Australian Foundation Investment Company (AFIC) reported a net profit of $285 million for the 2025 fiscal year, a 3.9 per cent decrease compared to the previous year, following adjustments to its major bank holdings. The company’s operating revenue also saw a slight decrease of 1.9 per cent, settling at $328.1 million. AFIC is an Australian investment firm that focuses on long-term investments in Australian equities. It provides shareholders with access to a diversified portfolio of some of Australia’s leading companies.

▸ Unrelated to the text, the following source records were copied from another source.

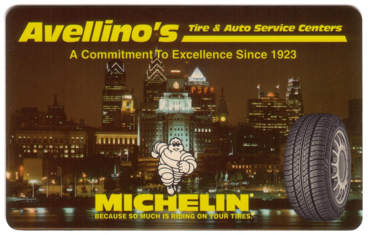 The lower portion of the card includes the name "25u Avellino's Tire & Auto Service Centers," linking the card to this business entity. Additional text shows "Michelin Tires SPECIMEN" along with "Global Tel. Solutions," signifying a connection to telecommunications and collectible purposes. The card design combines automotive and urban themes, marking its focus on tire service and quality in a modern city setting.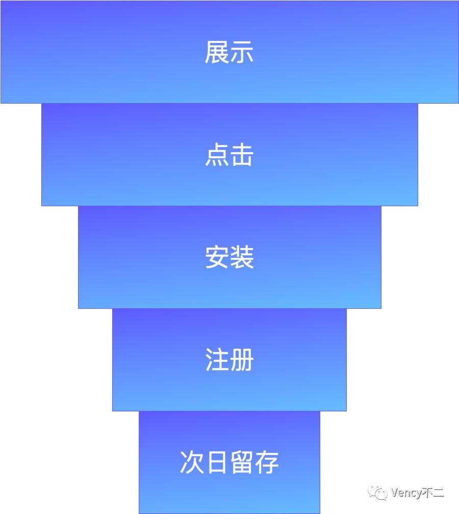 以某应用广告投放为例,此应用的投放漏斗为展示→点击→安装→注册→次日留存,若发现次日留存异常低,则逐层往上看触点,漏斗中的触点就是每层的数据指标。若注册也异常低,则代表问题出在注册或以上层级;若注册正常,则代表问题出在从注册到次日留存的过程。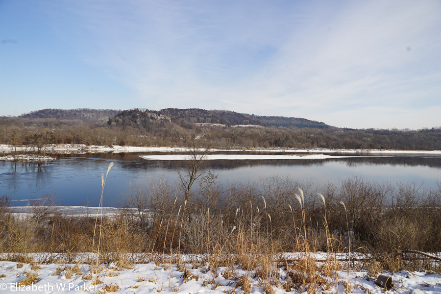 The Wisconsin River at Sauk City / Prairie du Sac, Wisconsin. Note the bluffs on the east side of the river. This is where the eagles overnight.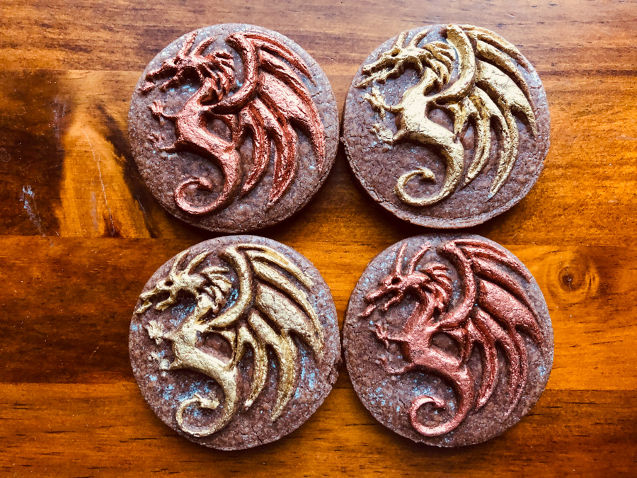 Stamp used can be found here. One of my favorites for sure. I just love the Game of Throne-ish look of this pattern. I do believe this one shines with a little gold or copper, but if you don’t have that available, no major harm done. Chocolate is a must, or any cookie dough that is dark and won’t expand during baking.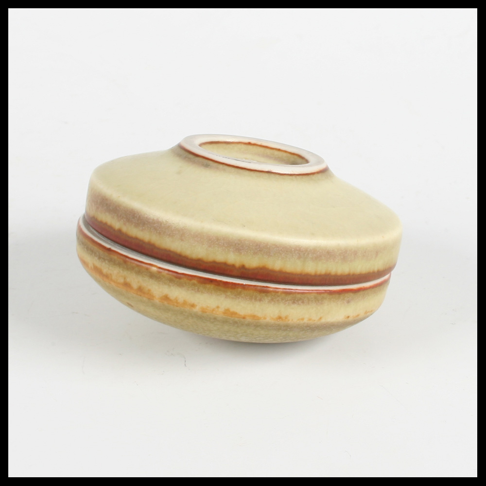 Ursula Scheid (DE), eine elegante kleinen Deckeldose, Handgedreht, Porzellan, ockerfarbigen Glasur, unten helleres gelb, braunen Rand nur auf der unteren Hälfte, Höhe 5 cm, 7,5 cm Durchmesser, 1971.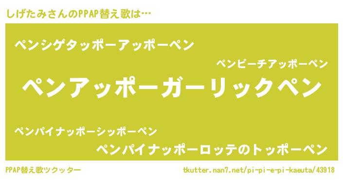 | ピコ太郎風あだ名 | 『ピシ十郎』『シゲ八郎』『シシ太郎』 |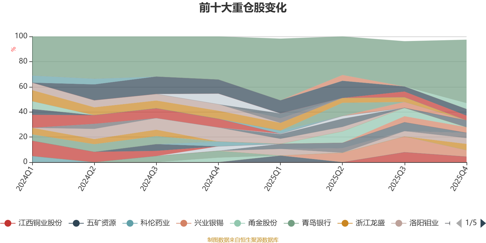截至2025年末,基金十大重仓股分别是中国海洋石油、齐鲁银行、兴业银锡、浙江龙盛、中国黄金国际、洛阳钼业、中曼石油、江西铜业股份、金川国际、山东黄金。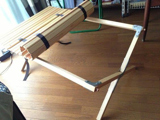 乗せる板をオイルステインで塗装するだけなので簡単。板は「すのこ」を重ねたものを使っても代用できそうです。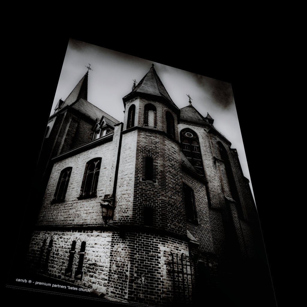 Tauchen Sie ein in die fesselnde Atmosphäre dieser dramatischen Architekturaufnahme, die die erhabene und zugleich ominöse Ausstrahlung der katholischen Kirche St. Michael in Velbert einfängt. Die dramatische Perspektive und die intensive Schwarz-Weiß-Darstellung rufen unweigerlich Bilder aus Alfred Hitchcocks Meisterwerk "Psycho" wach, fast wie eine Szene, die dem Haus der Bates-Familie entsprungen ist, in dem Norman Bates seine schrecklichen Geheimnisse hütete. Der starke Kontrast von Licht und Schatten verleiht dem Motiv einen zeitlosen, künstlerischen Charakter und eine Ahnung von düsterer Film-Noir-Ästhetik. Ein kraftvolles Statement-Stück für jeden Raum, das Betrachter durch seine cineastische Wirkung und die reiche, unheimliche Stimmung in seinen Bann zieht (Fotograf: Andreas Kretzschmar, 2025).
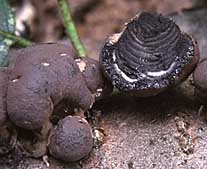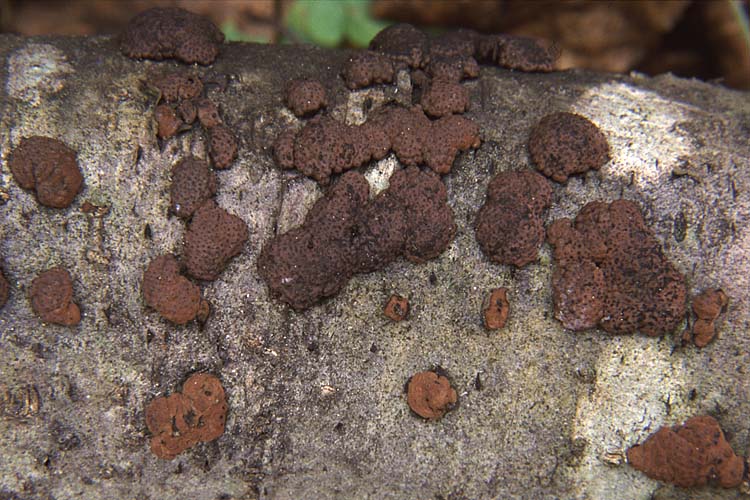 Fructification: plus ou moins globuleuse ou en forme de coussin, 1-4 cm, sans pied, à surface inégale, rugueuse, parfois tuberculeuse, brun grisâtre pâle à brun-rouge, devenant noire et un peu luisante avec l'âge.
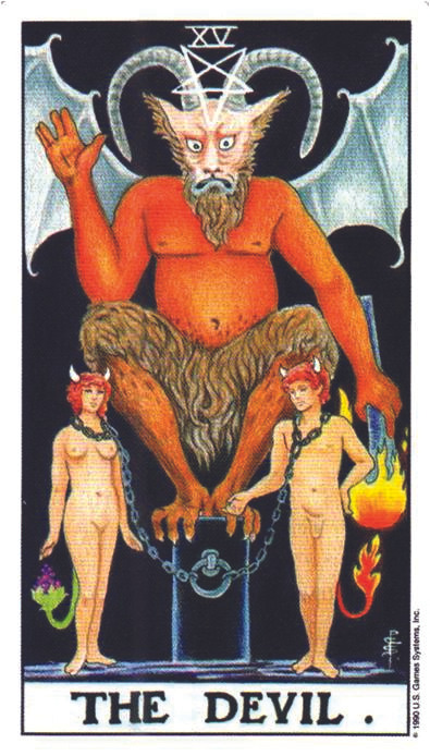 자기 고집과 억압: 악마 카드는 집착, 고집, 그리고 자유를 제한하는 속박을 상징한다. 자기 고집이 강한 사람은 자신의 생각에 얽매여 유연성을 잃고, 자신을 제약하는 모습과 일치한다.

Despite the profit downturn, AFIC has declared a fully franked final dividend of 14.5¢ per share, consistent with the previous year. In addition, a special dividend of 5¢ per share has been announced, supported by capital gains and franking credits generated from the partial sale of its Commonwealth Bank holdings. This brings the total dividends for the year to 31.5¢ per share, a 21 per cent increase from the 26¢ per share distributed in fiscal year 2024.
AFIC’s portfolio achieved a total return of 10.7 per cent, including franking, for the year ending June 30. However, this underperformed the S&P/ASX 200 Accumulation Index, which posted a return of 15.1 per cent during the same period. The company attributed this underperformance to core holdings such as CSL, ARB Corporation, and Reece, in addition to having limited exposure to gold stocks, which saw substantial gains of 59.6 per cent.
Net tangible assets before tax and the final dividend increased to $8.33 per share, up from $7.88 the previous year. The final and special dividends are scheduled to be paid on August 28 to shareholders registered as of August 6, with shares trading ex-dividend from August 5.